En vue de mieux cerner la place et le rôle des enseignants dans le rapport des élèves aux dispositifs mis en place, nous avons choisi de nous intéresser à un collège portant un projet d’investissement conséquent dans les TICE (équipements et pédagogie) soutenu par l’académie. Ce choix a été réalisé à partir d’une liste proposée par les conseillers TICE, acteurs primordiaux pour établir le lien entre la politique choisie par l’académie et les acteurs de terrain. Notre attention a été portée sur un projet qui est apparu particulièrement dynamique mais aussi marqué paradoxalement par le doute des enseignants sur la mobilisation de leurs élèves, suite à des retours d’usages peu positifs. Une enquête réalisée par ces conseillers auprès des élèves concernés l’année précédente (2009) avait déjà révélé un certain désengagement des élèves qui pour 78% d’entre eux avaient estimé que les TICE c’était « bien mais pas indispensable » dans le cadre de leur classe.

Nous avons interrogé 14 élèves (âgés 14 à 15 ans) de la classe de troisième sur leurs représentations (Jodelet, 2003) des pratiques numériques scolaires et extrascolaires (accès, formation, fréquence des usages, choix et enjeux des pratiques, rapport à soi, aux autres, à l’enseignant, aux apprentissages, avenir scolaire et professionnel envisagé), autant de filles que de garçons, considérés comme plutôt faibles, moyens ou bons voire excellents au regard de la norme scolaire.

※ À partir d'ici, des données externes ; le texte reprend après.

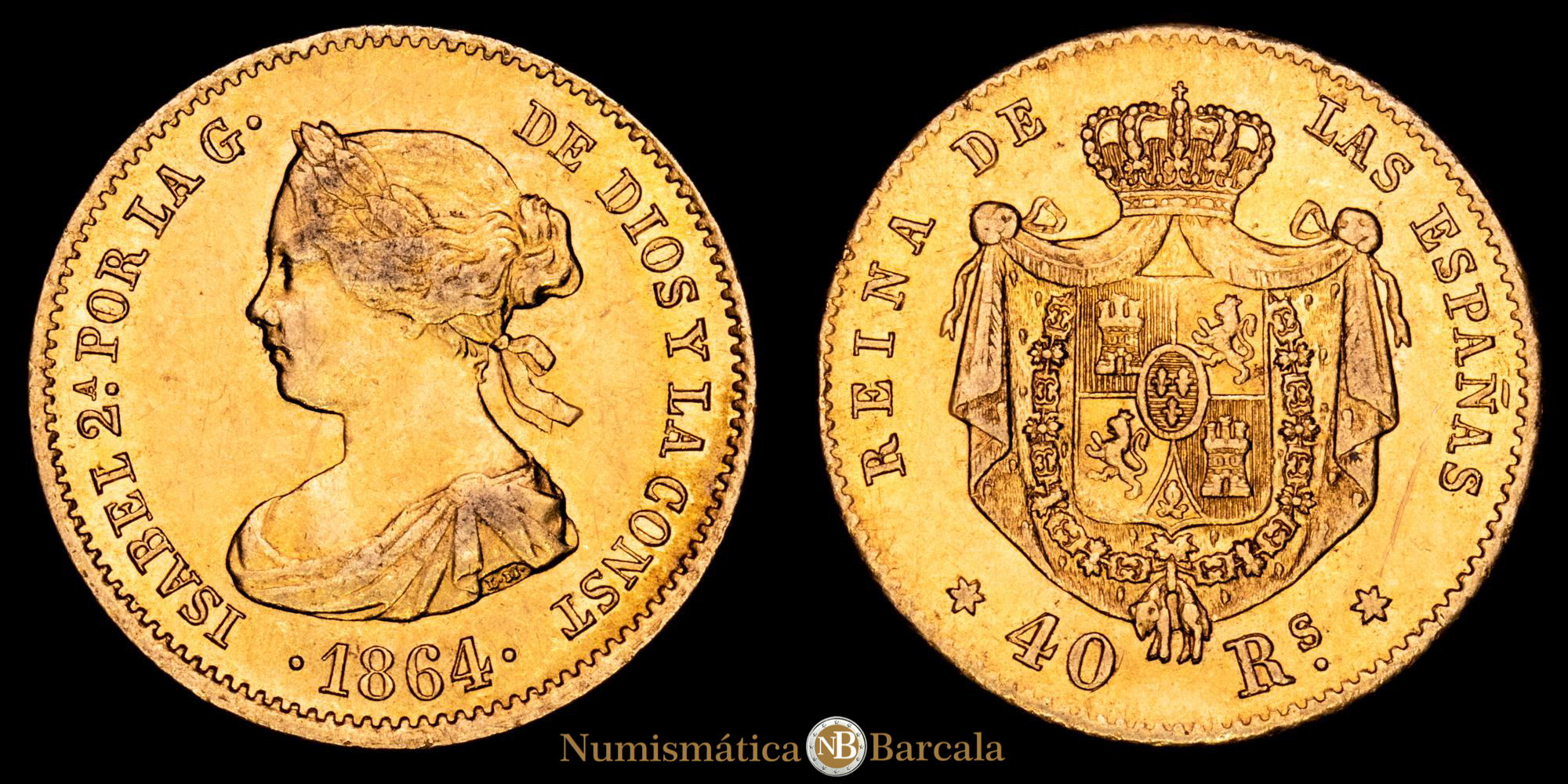 Numismática Barcala > Productos > Monarquia Española > Borbones > 1833-1868 Isabel II > Isabel II. 40 Reales. ( 3,36 g.). Madrid. 1864. AC-686. MBC+.

Les entretiens compréhensifs d’une durée d’une heure, qui s’inspirent d’une approche anthropologique (Kaufman, 1996) ont été enregistrés garantissant l’anonymat des personnes interrogées en changeant les prénoms des élèves dans les articles concernés à cette recherche

Les entretiens ont eu lieu au début du troisième trimestre 2010 en vue de considérer l’évolution du sens pour les élèves sur une année scolaire.

Des observations de classe ont également été réalisées afin de mieux comprendre les discours des élèves (marqueurs de contexte).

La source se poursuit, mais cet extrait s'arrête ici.